■ **What is expected**
From the entries below, transcribe exactly the lines between the line holding "형사들이 이모 부부 집에" and the line holding "Pantofole estive da", inclusive; skip all other lines.

■ **Task input**
==================================================

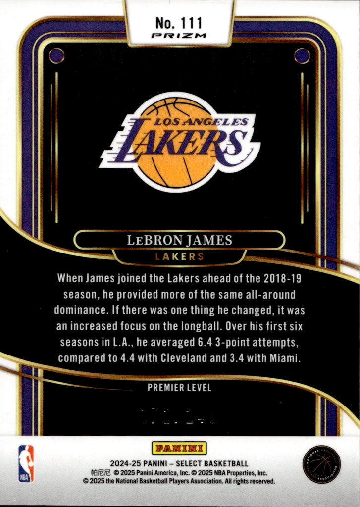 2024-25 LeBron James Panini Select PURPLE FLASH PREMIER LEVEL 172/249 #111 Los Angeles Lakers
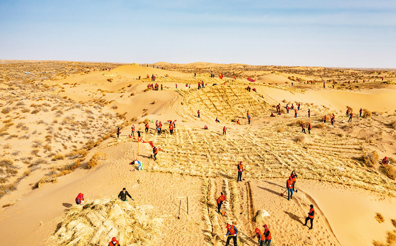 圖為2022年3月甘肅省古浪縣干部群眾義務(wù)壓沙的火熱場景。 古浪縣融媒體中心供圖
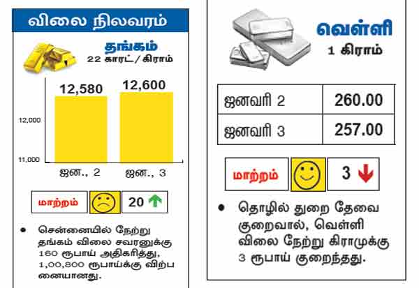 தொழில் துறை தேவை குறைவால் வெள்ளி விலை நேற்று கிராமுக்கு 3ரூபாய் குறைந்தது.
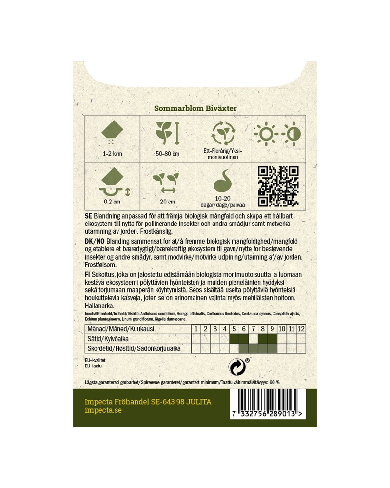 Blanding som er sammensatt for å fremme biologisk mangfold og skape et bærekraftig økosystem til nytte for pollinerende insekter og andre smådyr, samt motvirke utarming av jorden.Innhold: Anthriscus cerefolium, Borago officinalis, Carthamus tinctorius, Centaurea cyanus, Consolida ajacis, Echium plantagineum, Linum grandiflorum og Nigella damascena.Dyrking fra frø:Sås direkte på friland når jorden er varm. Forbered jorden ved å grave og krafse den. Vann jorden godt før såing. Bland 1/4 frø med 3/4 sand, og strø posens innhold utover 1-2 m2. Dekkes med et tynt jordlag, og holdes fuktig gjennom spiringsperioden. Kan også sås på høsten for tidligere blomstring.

==================================================

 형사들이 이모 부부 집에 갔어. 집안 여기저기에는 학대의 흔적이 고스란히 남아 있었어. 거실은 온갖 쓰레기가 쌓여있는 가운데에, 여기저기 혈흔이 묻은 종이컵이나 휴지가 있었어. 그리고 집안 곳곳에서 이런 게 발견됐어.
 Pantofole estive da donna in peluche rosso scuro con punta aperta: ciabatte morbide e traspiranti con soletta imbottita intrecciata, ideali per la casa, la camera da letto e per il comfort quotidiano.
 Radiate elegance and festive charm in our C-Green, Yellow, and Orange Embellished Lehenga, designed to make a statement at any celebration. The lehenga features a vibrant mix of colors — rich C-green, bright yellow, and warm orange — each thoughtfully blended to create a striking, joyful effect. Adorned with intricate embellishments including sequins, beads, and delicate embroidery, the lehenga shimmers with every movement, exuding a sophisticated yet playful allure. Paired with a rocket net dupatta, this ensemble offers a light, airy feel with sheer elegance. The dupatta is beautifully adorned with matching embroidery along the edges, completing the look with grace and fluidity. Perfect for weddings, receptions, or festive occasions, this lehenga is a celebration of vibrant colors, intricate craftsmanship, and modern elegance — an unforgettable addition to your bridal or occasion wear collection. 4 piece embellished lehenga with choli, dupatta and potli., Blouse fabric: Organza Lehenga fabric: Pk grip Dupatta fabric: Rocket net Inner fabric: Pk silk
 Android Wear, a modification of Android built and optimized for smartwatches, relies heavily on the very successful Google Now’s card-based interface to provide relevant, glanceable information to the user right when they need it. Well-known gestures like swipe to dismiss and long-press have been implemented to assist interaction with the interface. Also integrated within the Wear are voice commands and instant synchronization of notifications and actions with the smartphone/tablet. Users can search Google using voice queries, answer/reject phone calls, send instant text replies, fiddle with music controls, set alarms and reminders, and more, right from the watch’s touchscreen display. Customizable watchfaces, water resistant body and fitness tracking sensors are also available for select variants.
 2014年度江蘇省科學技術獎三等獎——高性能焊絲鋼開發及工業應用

==================================================

■ **Response to the exercise**
 형사들이 이모 부부 집에 갔어. 집안 여기저기에는 학대의 흔적이 고스란히 남아 있었어. 거실은 온갖 쓰레기가 쌓여있는 가운데에, 여기저기 혈흔이 묻은 종이컵이나 휴지가 있었어. 그리고 집안 곳곳에서 이런 게 발견됐어.
 Pantofole estive da donna in peluche rosso scuro con punta aperta: ciabatte morbide e traspiranti con soletta imbottita intrecciata, ideali per la casa, la camera da letto e per il comfort quotidiano.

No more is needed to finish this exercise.